Just a word of caution. Brown’s CS programs has been pretty small until relatively recently, so their sample size is pretty small, especially since almost all of the data is from 2016 and 1999. For example, in 2010, there were fewer than 50 students who graduated with a degree in CS from Brown.
Likely the same would be true for Vanderbilt as well, since they had even fewer CS students until 2016 or so.

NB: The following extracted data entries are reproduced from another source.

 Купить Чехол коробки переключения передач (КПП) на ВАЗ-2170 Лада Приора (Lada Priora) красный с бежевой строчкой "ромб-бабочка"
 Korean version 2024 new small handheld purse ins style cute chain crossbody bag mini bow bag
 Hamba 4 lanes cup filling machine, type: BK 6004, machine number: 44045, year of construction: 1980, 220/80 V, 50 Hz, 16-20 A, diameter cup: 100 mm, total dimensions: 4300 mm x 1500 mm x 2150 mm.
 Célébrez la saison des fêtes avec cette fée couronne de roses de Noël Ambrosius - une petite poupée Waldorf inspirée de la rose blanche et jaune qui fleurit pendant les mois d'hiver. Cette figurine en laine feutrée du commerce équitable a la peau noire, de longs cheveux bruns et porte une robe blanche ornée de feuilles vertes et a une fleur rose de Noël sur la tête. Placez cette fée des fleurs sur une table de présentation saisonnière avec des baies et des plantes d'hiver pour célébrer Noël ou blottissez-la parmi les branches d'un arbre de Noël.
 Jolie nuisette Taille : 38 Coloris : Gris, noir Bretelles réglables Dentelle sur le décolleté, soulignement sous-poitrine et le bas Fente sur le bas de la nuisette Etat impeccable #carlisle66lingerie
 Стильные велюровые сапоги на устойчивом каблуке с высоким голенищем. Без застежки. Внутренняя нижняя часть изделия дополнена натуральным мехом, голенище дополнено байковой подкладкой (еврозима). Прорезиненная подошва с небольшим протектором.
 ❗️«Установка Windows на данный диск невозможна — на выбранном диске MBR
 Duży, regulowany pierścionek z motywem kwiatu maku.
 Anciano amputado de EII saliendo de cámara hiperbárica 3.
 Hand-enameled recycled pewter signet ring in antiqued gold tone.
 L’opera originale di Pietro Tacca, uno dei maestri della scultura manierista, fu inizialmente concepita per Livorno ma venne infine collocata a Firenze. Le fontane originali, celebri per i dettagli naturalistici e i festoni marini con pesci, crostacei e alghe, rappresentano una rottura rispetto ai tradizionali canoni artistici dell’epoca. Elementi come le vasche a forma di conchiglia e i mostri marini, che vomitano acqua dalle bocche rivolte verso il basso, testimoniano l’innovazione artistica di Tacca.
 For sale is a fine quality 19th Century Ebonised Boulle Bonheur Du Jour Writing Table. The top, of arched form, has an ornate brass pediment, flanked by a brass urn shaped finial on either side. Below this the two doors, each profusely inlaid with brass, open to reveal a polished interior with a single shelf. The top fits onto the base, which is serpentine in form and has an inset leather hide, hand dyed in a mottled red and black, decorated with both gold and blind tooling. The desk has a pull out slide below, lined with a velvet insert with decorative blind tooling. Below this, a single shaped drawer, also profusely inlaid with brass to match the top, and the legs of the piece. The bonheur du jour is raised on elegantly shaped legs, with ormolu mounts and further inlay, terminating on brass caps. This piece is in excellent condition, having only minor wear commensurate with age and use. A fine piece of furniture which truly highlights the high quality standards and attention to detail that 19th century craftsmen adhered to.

Harvard and Yale also had pretty small numbers of computer science graduates until recently. For example, in 2010, only 40 students got a bachelors degree at Harvard in CS.
So I would say that the data from these four colleges is not reliable and is possibly not representative of graduates from CS in these colleges. The data will only be reliable in another 15 years or so.
The problem, among other issues, is that their ROI is based on averages. Especially when the sample size is small, a small number of high earning individuals can skew the data, and the average will not actually represent the experience of the majority of the graduates from that program.
I will also state that Caltech suffers from the opposite issue. About half of the graduates go on to do a PhD, so an average ROI of $3,102,888 is based on the half that does not do their PhD, since graduate students live off of stipends of around $35K-$40K a year. I would actually say that the ROI of Caltech students who do not choose to do a PhD is much higher, while students who want to do PhDs do not really care about ROI.
So, from that data, CMU is likely reliable, Rice, Stanford, Cornell, Cal Poly, MIT, UCs, Duke, JHU, UIUC, Michigan, GTech and U-Dub. The data may be skewed, but the medians and averages are likely close enough that these data represent a common outcome.